Washington renforce sa présence militaire en Irak

Le chef du Pentagone, Ashton Carter, a annoncé lundi à Bagdad l’envoi en Irak de centaines de soldats américains supplémentaires pour aider les forces gouvernementales à lutter contre le groupe État islamique (EI) et reprendre la ville de Mossoul.

Après ce nouveau déploiement, les États-Unis, qui dirigent une large coalition internationale antidjihadistes en Irak et en Syrie, compteront plus de 4600 militaires en Irak, essentiellement pour des missions de formation des troupes gouvernementales.

La visite de M. Carter — sa quatrième en Irak depuis sa prise de fonction en février 2015 — survient deux jours après la reprise par les forces irakiennes de la base aérienne de Qayyarah, à 60 km au sud de Mossoul.

Ce succès est perçu comme une étape cruciale en vue de la bataille pour la reconquête de la deuxième ville du pays, tombée en juin 2014 aux mains du groupe EI, qui en a fait sa « capitale » en Irak.

« Nous avons convenu que les États-Unis déploieront 560 soldats supplémentaires pour soutenir les efforts irakiens en vue d’isoler et augmenter la pression sur Mossoul », a déclaré M. Carter à l’aéroport de Bagdad après avoir rencontré le premier ministre, Haider Al-Abadi, et son homologue irakien de la Défense, Khaled al-Obeidi.

Ce coup de pouce intervient « à un moment clé » de la campagne militaire en Irak, a ajouté le ministre américain.

Selon le général américain Sean MacFarland, chef militaire de la coalition contre le groupe EI, une « part prépondérante » des 560 militaires supplémentaires sera stationnée à Qayyarah et son déploiement commencera « sous peu ».

Dans un communiqué, le Pentagone a précisé que cette base aérienne « deviendra un tremplin vital pour l’offensive [des forces irakiennes] contre Mossoul ».

Depuis 2014, les États-Unis ont perdu trois soldats dans la lutte antidjihadiste en Irak.

Les succès remportés

À Bagdad, M. Carter a mis l’accent sur les succès de la campagne anti-groupe EI, deux ans après que le groupe djihadiste s’est emparé de vastes régions en Irak.

Mais le groupe EI riposte aux revers subis sur le terrain militaire par des attaques dévastatrices en Irak et à l’étranger. Il a commis le 4 juillet un attentat suicide à Bagdad qui a fait près de 300 morts, l’un des plus sanglants en Irak depuis l’invasion américaine de 2003.

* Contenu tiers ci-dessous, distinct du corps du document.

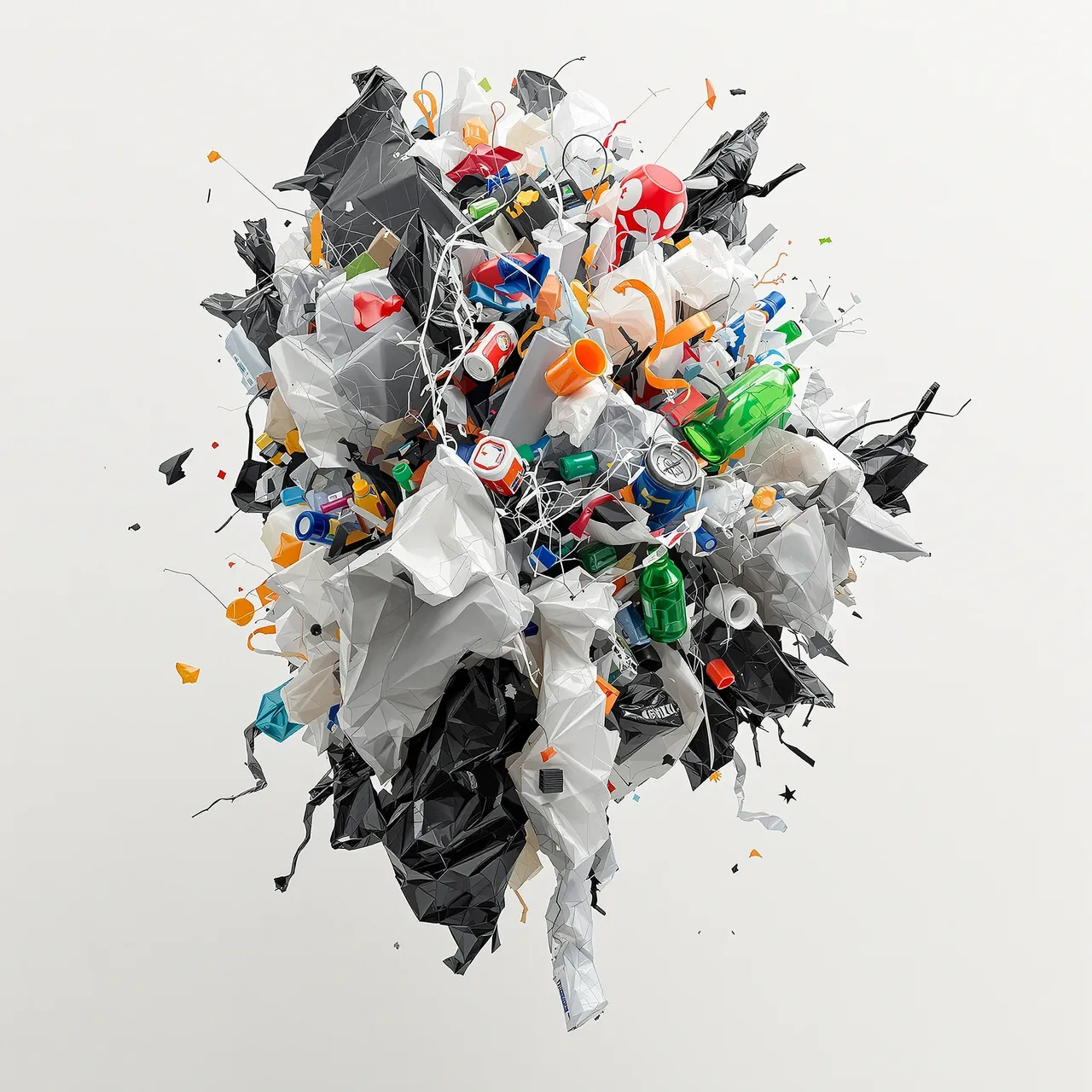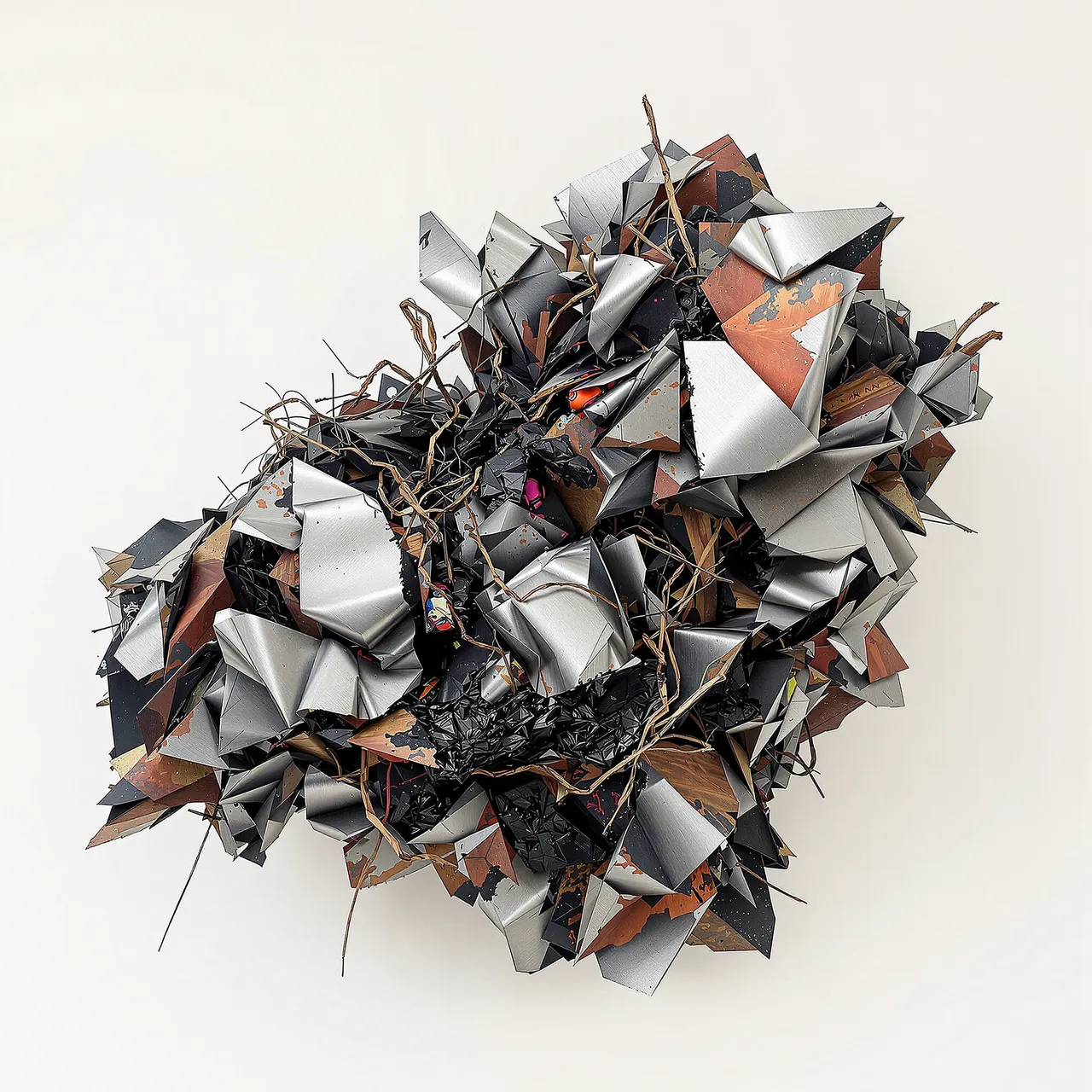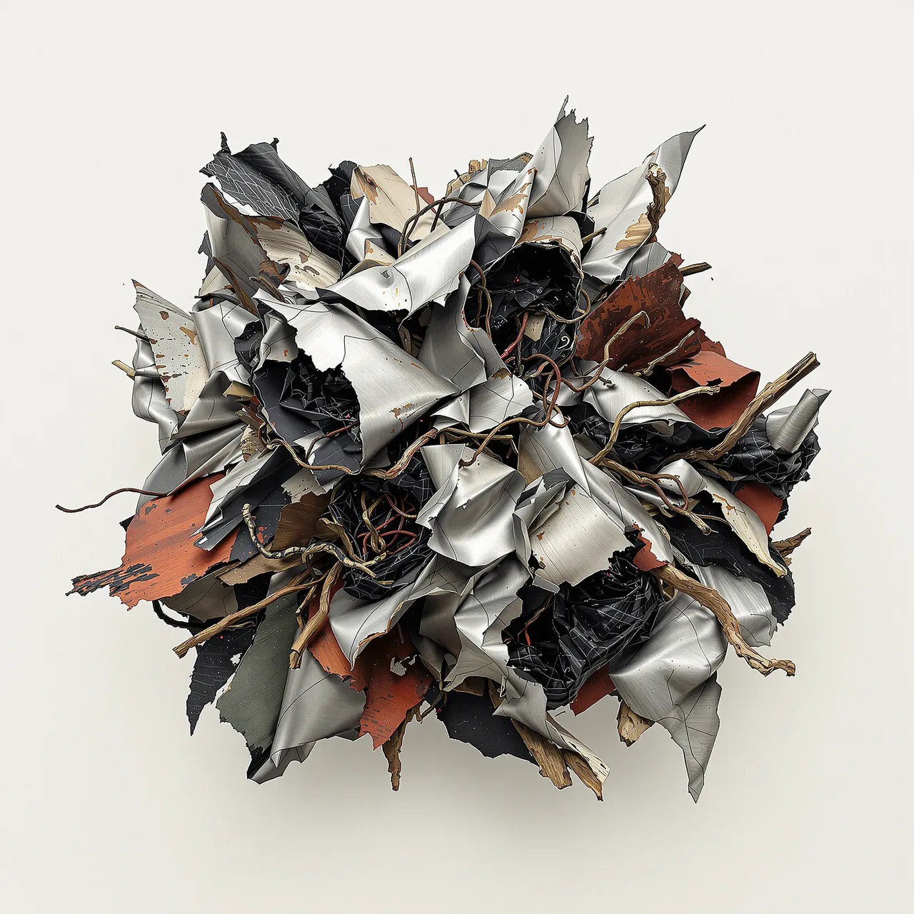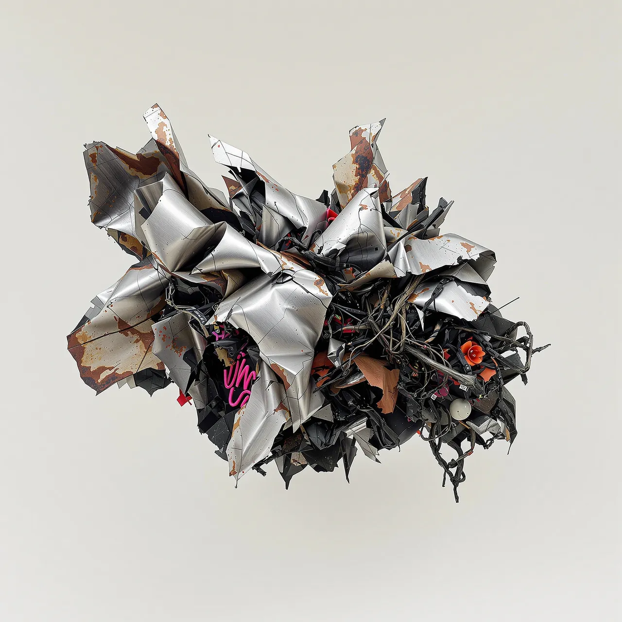 The series explores three distinct materialities: fabric, plastic, and metal — each behaving with startling realism. Twisted sheets of blackened metal, frayed cascades of fabric, and the chaotic detritus of discarded plastics are layered into dense, suspended masses. AI reveals an unexpected sensitivity to the textures and behaviours of these materials: fabric droops, folds, and drapes; metal shears, buckles, and twists; plastic crumples, bulges, and cracks. Each sculpture carries a hidden narrative about waste, accumulation, and decay — subtle commentaries on human excess, environmental exploitation, and the strange beauty of discarded things. The fabric and plastic works hint at broader questions about consumption and recycling, drawing attention to the tangled afterlife of the things we throw away.

Devant M. Abadi, M. Carter a présenté ses « condoléances et celles des États-Unis pour les attaques terroristes ayant visé le peuple irakien ces dernières semaines », qui « renforcent encore plus notre détermination à aider à vaincre le groupe EI ».

Le secrétaire américain à la Défense a aussi « félicité » les forces irakiennes pour leurs « succès », notamment après la reprise fin juin du fief djihadiste de Fallouja puis celle de la base de Qayyarah.

M. Carter avait déclaré aux journalistes avant son arrivée en Irak qu’il y discuterait « des prochaines étapes de la campagne militaire, notamment la reprise de Mossoul ».

L’objectif ultime, avait-il ajouté, est « la reprise par les forces irakiennes de la totalité du territoire irakien, mais Mossoul en constitue bien sûr la plus grosse partie ».